What the task asks — The entire listing that follows must be repeated exactly, pictures excluded.

Task input —
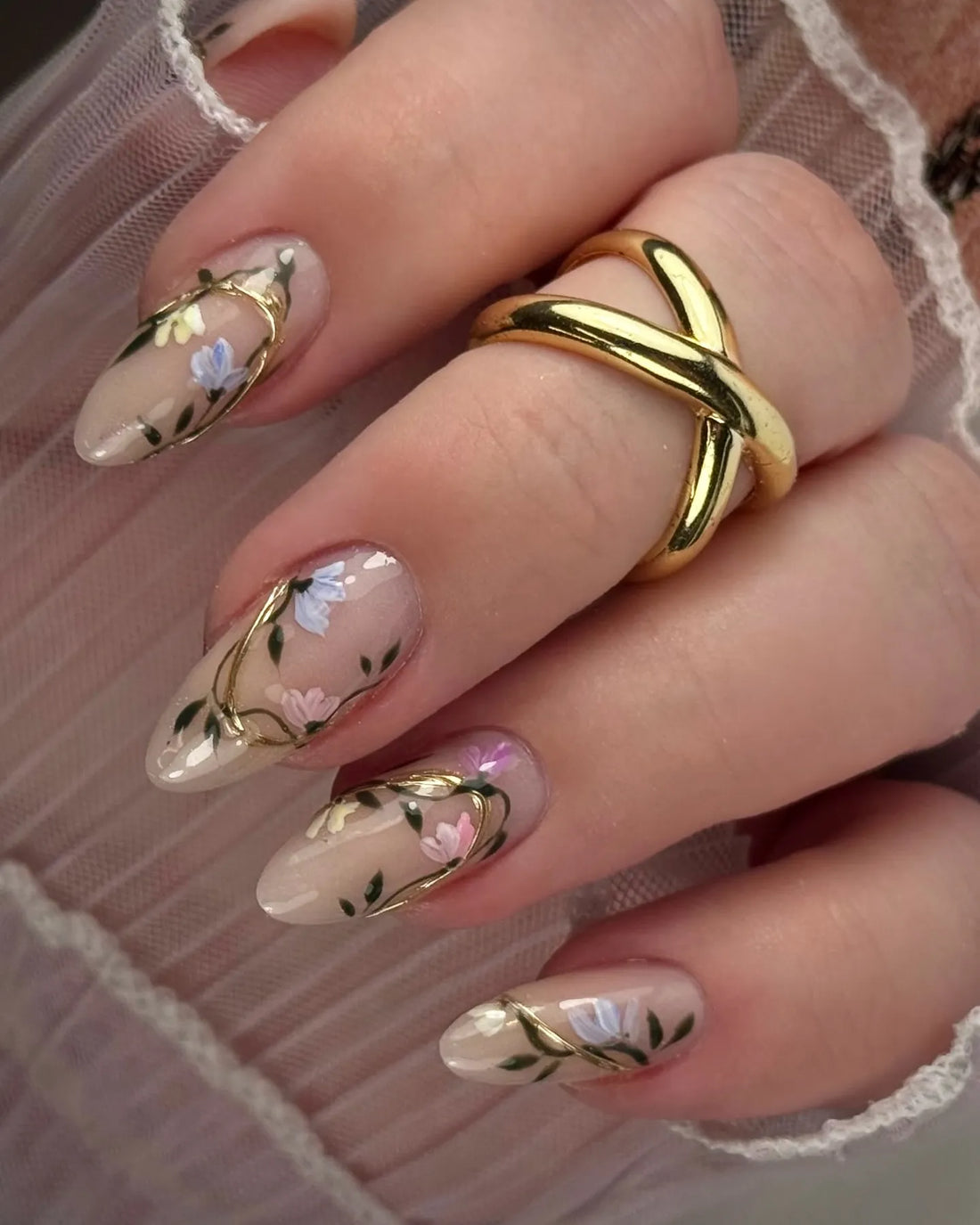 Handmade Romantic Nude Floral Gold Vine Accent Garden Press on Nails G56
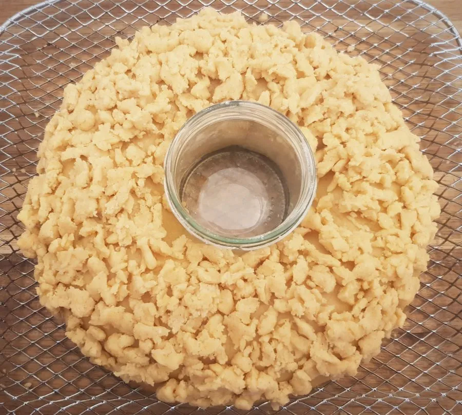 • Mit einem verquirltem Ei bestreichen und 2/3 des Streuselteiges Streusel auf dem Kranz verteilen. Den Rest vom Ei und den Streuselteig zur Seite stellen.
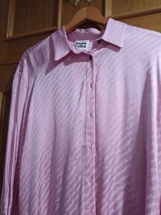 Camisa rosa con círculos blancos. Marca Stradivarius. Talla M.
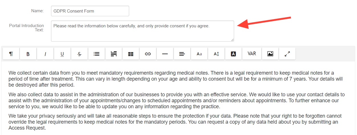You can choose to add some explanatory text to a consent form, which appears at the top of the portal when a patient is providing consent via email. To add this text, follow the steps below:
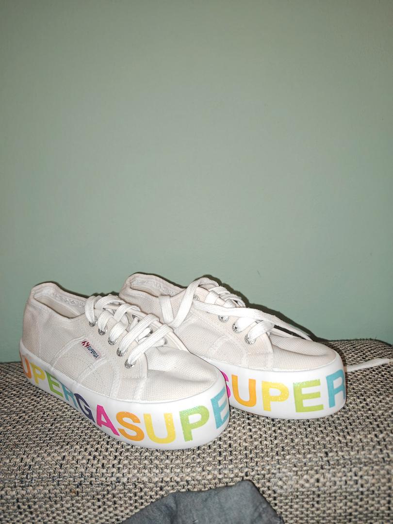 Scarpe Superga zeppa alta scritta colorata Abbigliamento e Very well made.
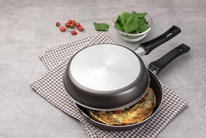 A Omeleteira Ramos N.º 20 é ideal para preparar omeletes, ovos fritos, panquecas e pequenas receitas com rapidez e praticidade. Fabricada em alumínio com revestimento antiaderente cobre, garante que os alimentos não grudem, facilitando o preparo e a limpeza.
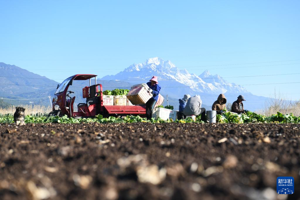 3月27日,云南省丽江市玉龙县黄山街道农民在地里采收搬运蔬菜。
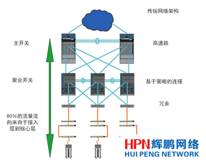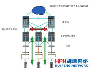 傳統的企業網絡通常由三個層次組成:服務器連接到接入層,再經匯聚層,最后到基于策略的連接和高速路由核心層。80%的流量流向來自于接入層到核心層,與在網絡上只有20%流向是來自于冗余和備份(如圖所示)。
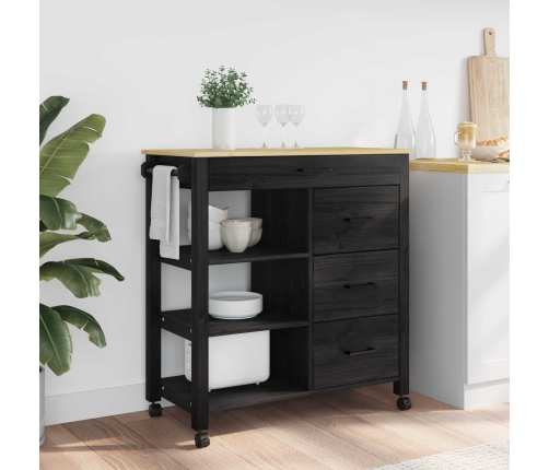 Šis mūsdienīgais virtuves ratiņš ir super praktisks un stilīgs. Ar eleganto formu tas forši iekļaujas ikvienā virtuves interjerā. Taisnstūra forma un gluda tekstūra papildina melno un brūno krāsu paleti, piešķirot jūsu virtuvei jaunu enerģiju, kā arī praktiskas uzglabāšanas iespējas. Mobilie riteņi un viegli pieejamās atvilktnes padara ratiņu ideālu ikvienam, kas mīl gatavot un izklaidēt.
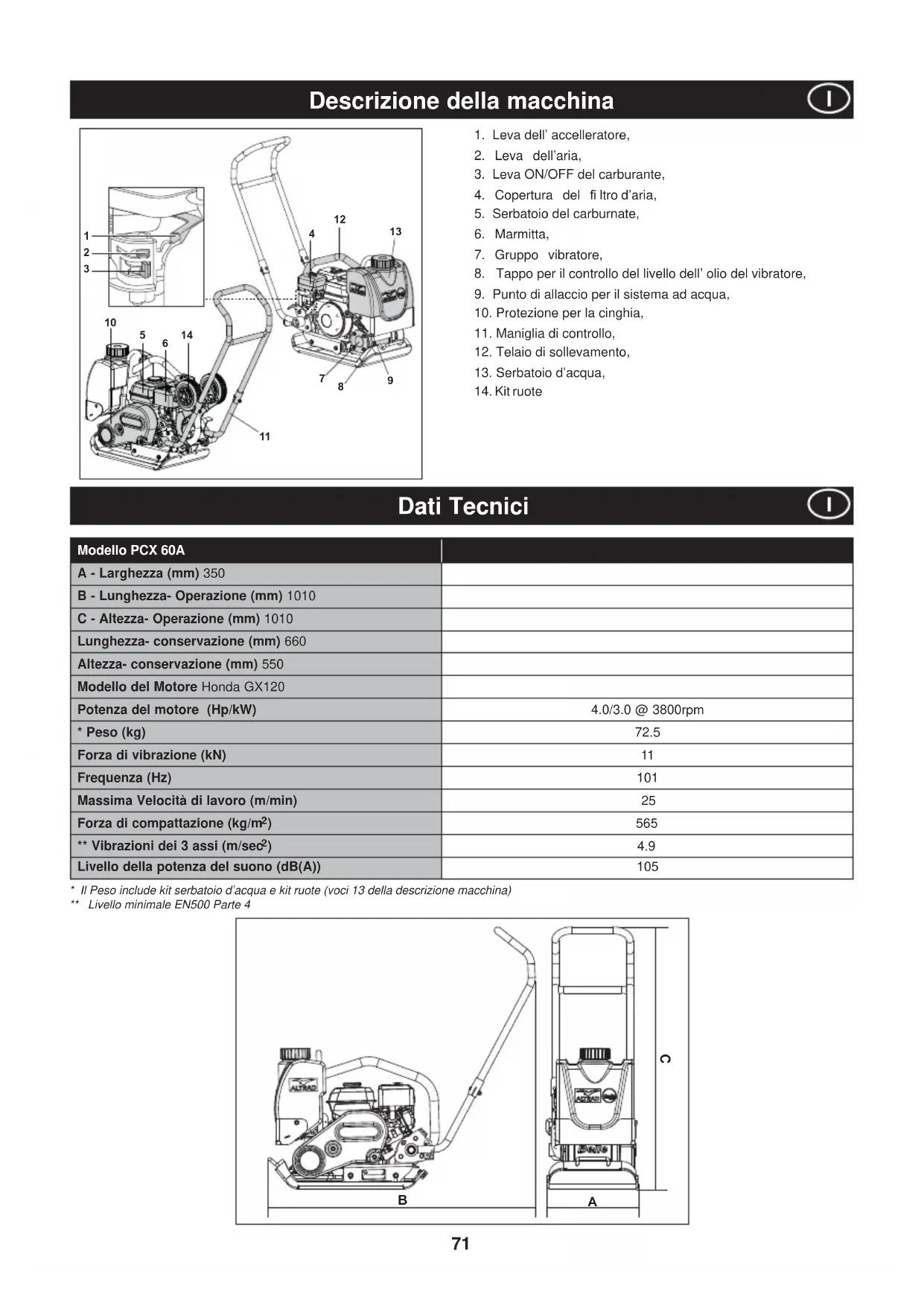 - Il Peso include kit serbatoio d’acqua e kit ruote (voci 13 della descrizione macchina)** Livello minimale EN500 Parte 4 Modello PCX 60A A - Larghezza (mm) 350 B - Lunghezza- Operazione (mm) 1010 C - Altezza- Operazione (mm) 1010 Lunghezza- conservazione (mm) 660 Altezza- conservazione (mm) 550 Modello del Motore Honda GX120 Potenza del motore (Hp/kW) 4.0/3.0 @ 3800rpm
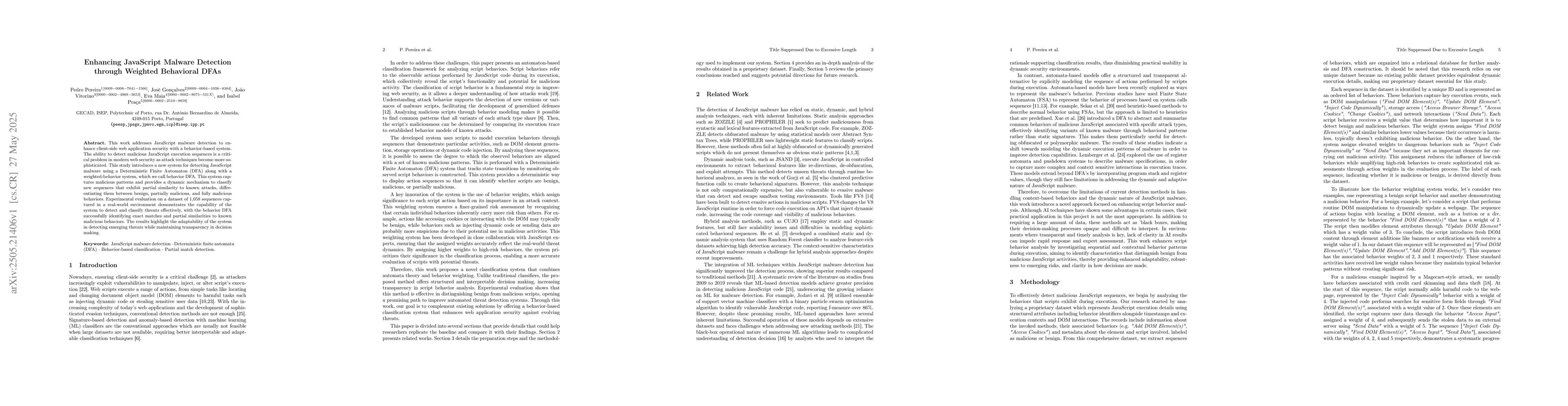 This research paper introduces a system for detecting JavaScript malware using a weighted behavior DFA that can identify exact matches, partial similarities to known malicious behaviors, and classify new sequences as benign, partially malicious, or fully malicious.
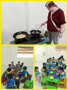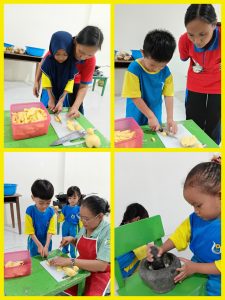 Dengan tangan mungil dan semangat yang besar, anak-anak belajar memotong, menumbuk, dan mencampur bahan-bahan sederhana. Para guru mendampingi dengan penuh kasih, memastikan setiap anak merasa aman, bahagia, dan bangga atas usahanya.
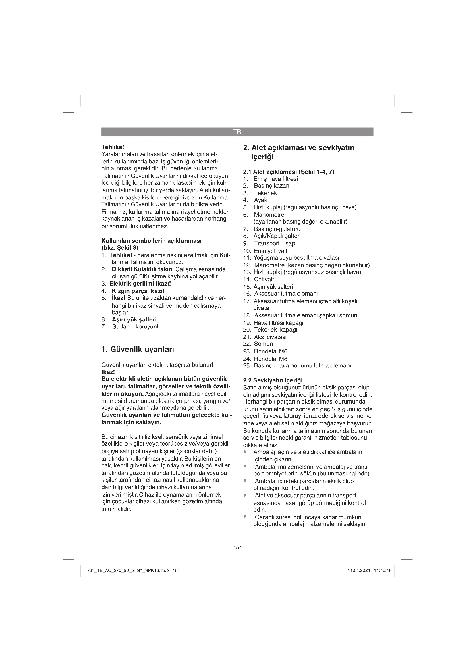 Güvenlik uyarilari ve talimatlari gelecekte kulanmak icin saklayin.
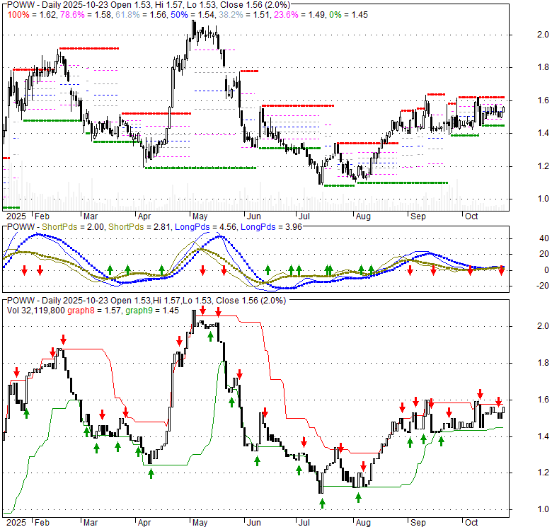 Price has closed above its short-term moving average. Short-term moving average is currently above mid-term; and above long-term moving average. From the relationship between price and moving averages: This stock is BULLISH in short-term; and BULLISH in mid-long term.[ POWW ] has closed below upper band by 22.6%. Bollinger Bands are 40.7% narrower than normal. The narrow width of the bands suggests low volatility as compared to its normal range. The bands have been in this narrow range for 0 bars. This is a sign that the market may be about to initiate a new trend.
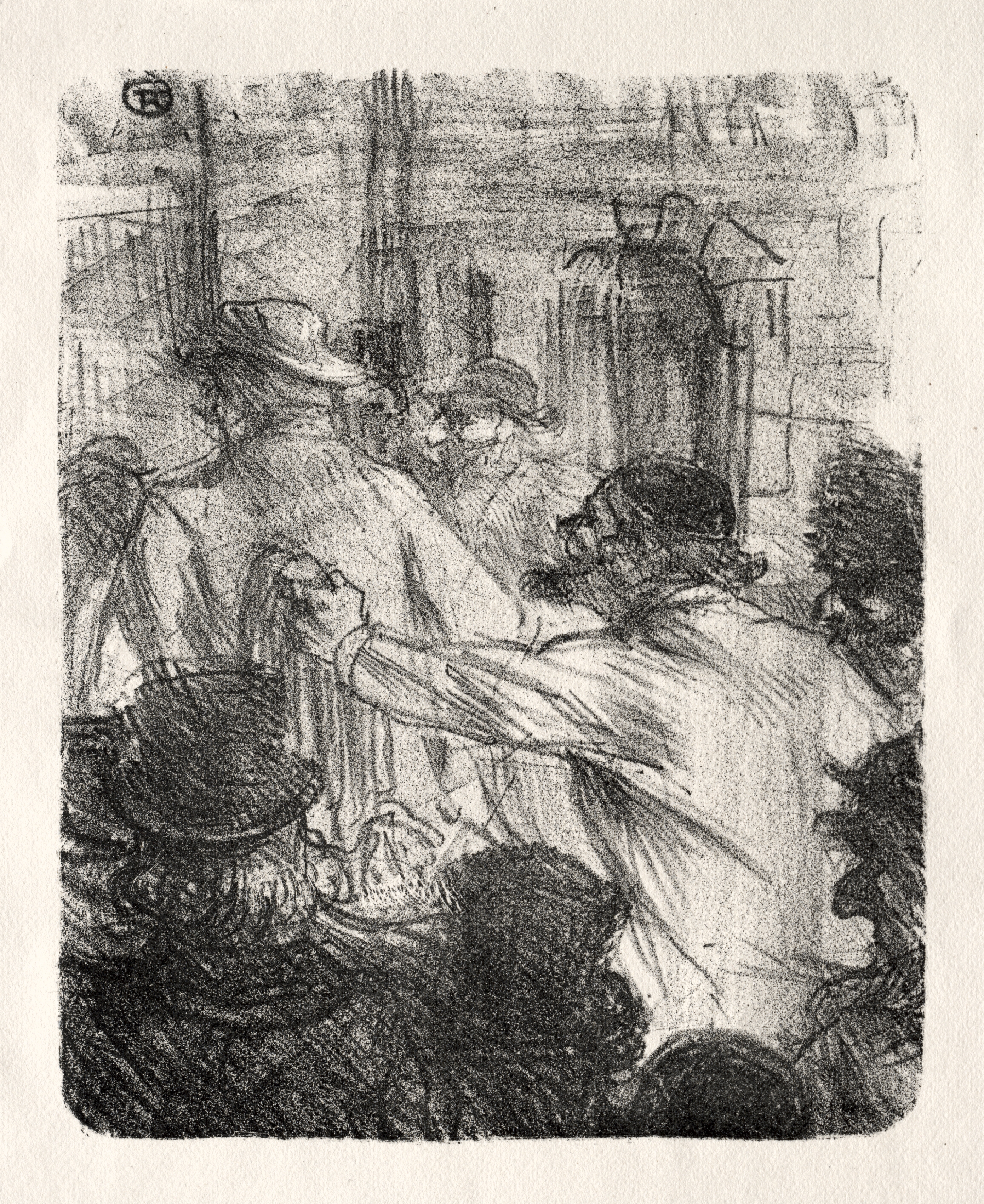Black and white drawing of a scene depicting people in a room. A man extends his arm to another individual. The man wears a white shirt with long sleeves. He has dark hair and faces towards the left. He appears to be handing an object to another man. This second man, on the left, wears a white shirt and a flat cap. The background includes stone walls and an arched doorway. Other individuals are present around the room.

Result —
 Handmade Romantic Nude Floral Gold Vine Accent Garden Press on Nails G56
 • Mit einem verquirltem Ei bestreichen und 2/3 des Streuselteiges Streusel auf dem Kranz verteilen. Den Rest vom Ei und den Streuselteig zur Seite stellen.
 Camisa rosa con círculos blancos. Marca Stradivarius. Talla M.
You can choose to add some explanatory text to a consent form, which appears at the top of the portal when a patient is providing consent via email. To add this text, follow the steps below:
 Scarpe Superga zeppa alta scritta colorata Abbigliamento e Very well made.
 A Omeleteira Ramos N.º 20 é ideal para preparar omeletes, ovos fritos, panquecas e pequenas receitas com rapidez e praticidade. Fabricada em alumínio com revestimento antiaderente cobre, garante que os alimentos não grudem, facilitando o preparo e a limpeza.
 3月27日,云南省丽江市玉龙县黄山街道农民在地里采收搬运蔬菜。
 傳統的企業網絡通常由三個層次組成:服務器連接到接入層,再經匯聚層,最后到基于策略的連接和高速路由核心層。80%的流量流向來自于接入層到核心層,與在網絡上只有20%流向是來自于冗余和備份(如圖所示)。
 Šis mūsdienīgais virtuves ratiņš ir super praktisks un stilīgs. Ar eleganto formu tas forši iekļaujas ikvienā virtuves interjerā. Taisnstūra forma un gluda tekstūra papildina melno un brūno krāsu paleti, piešķirot jūsu virtuvei jaunu enerģiju, kā arī praktiskas uzglabāšanas iespējas. Mobilie riteņi un viegli pieejamās atvilktnes padara ratiņu ideālu ikvienam, kas mīl gatavot un izklaidēt.
 - Il Peso include kit serbatoio d’acqua e kit ruote (voci 13 della descrizione macchina)** Livello minimale EN500 Parte 4 Modello PCX 60A A - Larghezza (mm) 350 B - Lunghezza- Operazione (mm) 1010 C - Altezza- Operazione (mm) 1010 Lunghezza- conservazione (mm) 660 Altezza- conservazione (mm) 550 Modello del Motore Honda GX120 Potenza del motore (Hp/kW) 4.0/3.0 @ 3800rpm
 This research paper introduces a system for detecting JavaScript malware using a weighted behavior DFA that can identify exact matches, partial similarities to known malicious behaviors, and classify new sequences as benign, partially malicious, or fully malicious.
 Dengan tangan mungil dan semangat yang besar, anak-anak belajar memotong, menumbuk, dan mencampur bahan-bahan sederhana. Para guru mendampingi dengan penuh kasih, memastikan setiap anak merasa aman, bahagia, dan bangga atas usahanya.
 Güvenlik uyarilari ve talimatlari gelecekte kulanmak icin saklayin.
 Price has closed above its short-term moving average. Short-term moving average is currently above mid-term; and above long-term moving average. From the relationship between price and moving averages: This stock is BULLISH in short-term; and BULLISH in mid-long term.[ POWW ] has closed below upper band by 22.6%. Bollinger Bands are 40.7% narrower than normal. The narrow width of the bands suggests low volatility as compared to its normal range. The bands have been in this narrow range for 0 bars. This is a sign that the market may be about to initiate a new trend.
Black and white drawing of a scene depicting people in a room. A man extends his arm to another individual. The man wears a white shirt with long sleeves. He has dark hair and faces towards the left. He appears to be handing an object to another man. This second man, on the left, wears a white shirt and a flat cap. The background includes stone walls and an arched doorway. Other individuals are present around the room.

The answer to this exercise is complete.